Construction

STC vs. IIC Ratings: Understanding Airborne and Impact Noise in Buildings

March 25, 2026

Key Takeaways: 

  • Understanding STC vs. IIC ratings is essential for effective soundproofing because each measures a different type of noise transmission in buildings. 
  • STC ratings evaluate how well wall or ceiling assemblies block airborne sounds like voices, music, and television. 
  • IIC ratings measure how effectively floor-ceiling assemblies reduce impact noise from footsteps, dropped objects, and other vibrations. 
  • Confusing airborne sound vs. impact sound can lead builders to specify the wrong materials and leave major noise paths untreated. 
  • Considering both ratings during construction helps ensure assemblies address real-world acoustic challenges in multifamily and commercial spaces. 

There’s a reason some rooms feel quieter than others, and it’s not always about how thick the walls are. Noise behaves differently depending on how it’s created, and that difference can make or break a soundproofing plan. Builders who mistake one type of noise for another often end up with failed expectations, noise complaints, or costly rework. 

Understanding airborne sound vs. impact sound, and knowing how Sound Transmission Class (STC) vs. Impact Insulation Class (IIC) rating systems evaluate each, is key to designing effective assemblies in multifamily and commercial projects. 

Why Noise Type Matters in Soundproofing Design 

Most construction documents don’t come with a noise map. But every building has one — invisible pathways where sound travels between rooms, floors, and structures. When soundproofing strategies are chosen without understanding these pathways, it’s easy to block the wrong kind of sound. 

That’s why distinguishing airborne noise from impact noise is foundational. Each requires a different kind of barrier, and each is measured by a different rating. When builders know the difference, they can choose materials and assemblies that actually match the acoustic challenges of the space. 

How Airborne Noise Travels Through Walls 

Airborne sound comes from voices, music, TV, or anything that vibrates air and travels through open space. Once it hits a wall or ceiling, some of that energy is reflected, but much of it sets the structure itself vibrating. This turns sound into structure-borne energy that moves into adjacent spaces. 

Airborne noise control focuses on reducing that transmission. Denser materials, isolated framing, and damping techniques can all help. But the key is to target wall and ceiling assemblies that are vulnerable to this type of energy transfer. 

If you’ve ever heard a conversation through a party wall, that’s airborne noise sneaking through. 

How Impact Noise Transmits Through Floors and Structures 

Impact noise starts as a physical vibration: footsteps, dropped objects, moving furniture. These forces hit the floor, vibrate the structure, and radiate sound into nearby spaces. Unlike airborne sound, impact noise doesn’t need air to travel; it uses the building itself as a conduit. 

Because of this, materials that perform well for airborne sound may fail to address impact transmission. Even a high‑rated wall can’t stop footfall noise from an upper floor. 

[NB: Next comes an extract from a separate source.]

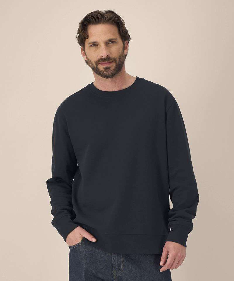 The Thinker is a unisex recycled sweatshirt with a clean medium fit, made from a soft recycled cotton blend. Designed for both comfort and structure, it features set-in sleeves, 1x1 rib at the collar and durable twin-needle topstitching at key seams. The self-fabric back neck tape adds a smooth interior finish, while the surface ensures excellent decoration results. Whether for corporate branding or lifestyle collections, this sustainable crew neck offers a reliable, low-impact blank built for long-term wear and standout customisation.

In airborne sound vs. impact sound comparisons, this is the most common oversight: assuming one solution fits both. 

What STC Ratings Measure vs. What IIC Ratings Measure 

Now to the ratings: 

  • STC measures how well a wall or ceiling assembly reduces airborne sound across a range of speech frequencies. It tells you how much of that sound is stopped by the construction; higher is better
  • IIC measures how well a floor-ceiling assembly absorbs impact noise from above. It uses a standardized tapping machine to simulate footfall and calculates how much of that impact is heard below. 

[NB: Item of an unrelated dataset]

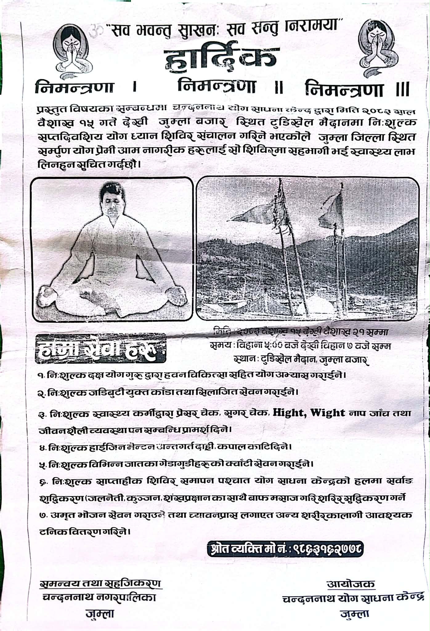 जुम्ला :चन्दननाथ योग साधना केन्द्र जुम्लाले आगामी वैशाख १५ गतेदेखि जुम्ला बजारस्थित टुडिखेल मैदानमा निःशुल्क सप्तदिवसीय योग तथा ध्यान शिविर सञ्चालन गर्ने भएको छ। स्वास्थ्य सचेतना अभिवृद्धि गर्ने उद्देश्यसहित आयोजना गर्न लागिएको उक्त शिविर वैशाख २१ गतेसम्म सञ्चालन हुने जनाइएको छ।

While STC vs. IIC rating comparisons often get lumped together, they measure entirely different sound paths. A concrete floor may have excellent STC but poor IIC without a resilient underlayment. A wall with fiberglass insulation may improve STC slightly, but then do nothing for structural impact sounds. 

Why Builders Must Account for Both in Project Planning 

Multifamily construction demands attention to both types of noise. Residents care equally about overheard conversations and thudding footsteps. Offices, hotels, and mixed-use spaces face similar expectations (and potential complaints) if noise paths aren’t addressed holistically. 

Choosing the right materials, like damping layers for walls or floating floors for overhead noise, depends on knowing whether you’re battling impact noise or airborne sound. Skipping that step risks using the wrong solution — or worse, doubling up in the wrong place while the real issue remains. 

Getting clear on STC vs. IIC rating systems helps avoid those missteps. It turns guesswork into strategy, especially when selecting Quieture’s fiberboard products for targeted airborne noise control. 

Soundproofing isn’t one-size-fits all, because sound itself isn’t. By understanding how different noises move through structures and how rating systems quantify that movement, builders can make smarter decisions that deliver quiet, not just compliance.